• [Try it]: When you reach the line that contains "Ralph Lauren one-piece" in the data below, start reproducing lines exactly, and stop after the line that contains "2025年12月10日,意大".

• [Dataset extract]:
+ + + +

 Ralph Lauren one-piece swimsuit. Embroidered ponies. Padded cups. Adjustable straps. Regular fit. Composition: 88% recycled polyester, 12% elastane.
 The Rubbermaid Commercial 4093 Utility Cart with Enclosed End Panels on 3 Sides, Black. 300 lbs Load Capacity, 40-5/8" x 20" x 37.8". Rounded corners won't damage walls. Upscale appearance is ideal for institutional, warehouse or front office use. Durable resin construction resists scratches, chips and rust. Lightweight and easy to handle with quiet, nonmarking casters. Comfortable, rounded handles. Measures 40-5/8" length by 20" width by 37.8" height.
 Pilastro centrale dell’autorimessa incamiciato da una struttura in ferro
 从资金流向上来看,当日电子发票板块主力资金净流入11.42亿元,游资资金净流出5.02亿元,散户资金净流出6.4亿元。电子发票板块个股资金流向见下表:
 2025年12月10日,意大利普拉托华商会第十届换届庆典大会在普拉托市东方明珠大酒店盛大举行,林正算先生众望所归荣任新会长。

+ + + +

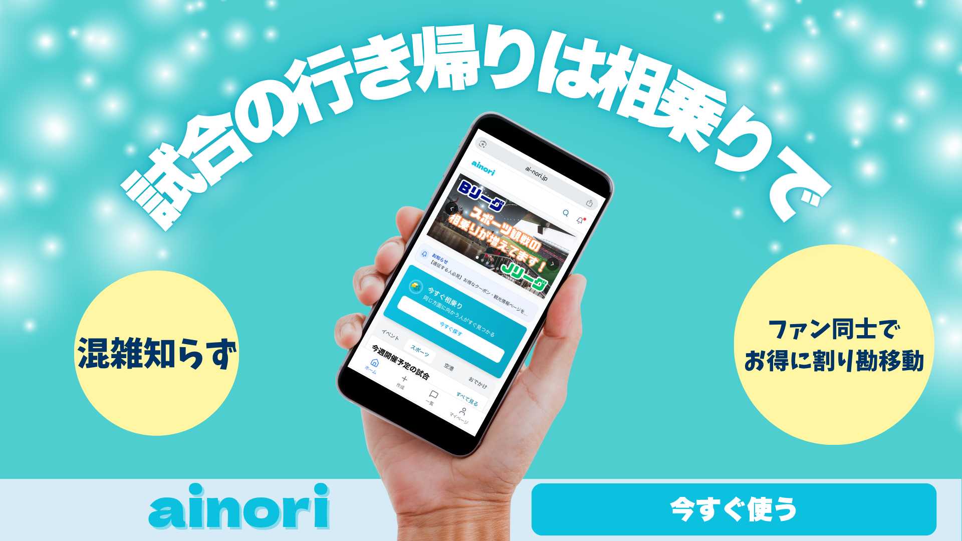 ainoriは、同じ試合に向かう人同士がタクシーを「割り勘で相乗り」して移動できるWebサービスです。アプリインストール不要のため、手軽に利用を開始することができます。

+ + + +

• [Reply]:
 Ralph Lauren one-piece swimsuit. Embroidered ponies. Padded cups. Adjustable straps. Regular fit. Composition: 88% recycled polyester, 12% elastane.
 The Rubbermaid Commercial 4093 Utility Cart with Enclosed End Panels on 3 Sides, Black. 300 lbs Load Capacity, 40-5/8" x 20" x 37.8". Rounded corners won't damage walls. Upscale appearance is ideal for institutional, warehouse or front office use. Durable resin construction resists scratches, chips and rust. Lightweight and easy to handle with quiet, nonmarking casters. Comfortable, rounded handles. Measures 40-5/8" length by 20" width by 37.8" height.
 Pilastro centrale dell’autorimessa incamiciato da una struttura in ferro
 从资金流向上来看,当日电子发票板块主力资金净流入11.42亿元,游资资金净流出5.02亿元,散户资金净流出6.4亿元。电子发票板块个股资金流向见下表:
 2025年12月10日,意大利普拉托华商会第十届换届庆典大会在普拉托市东方明珠大酒店盛大举行,林正算先生众望所归荣任新会长。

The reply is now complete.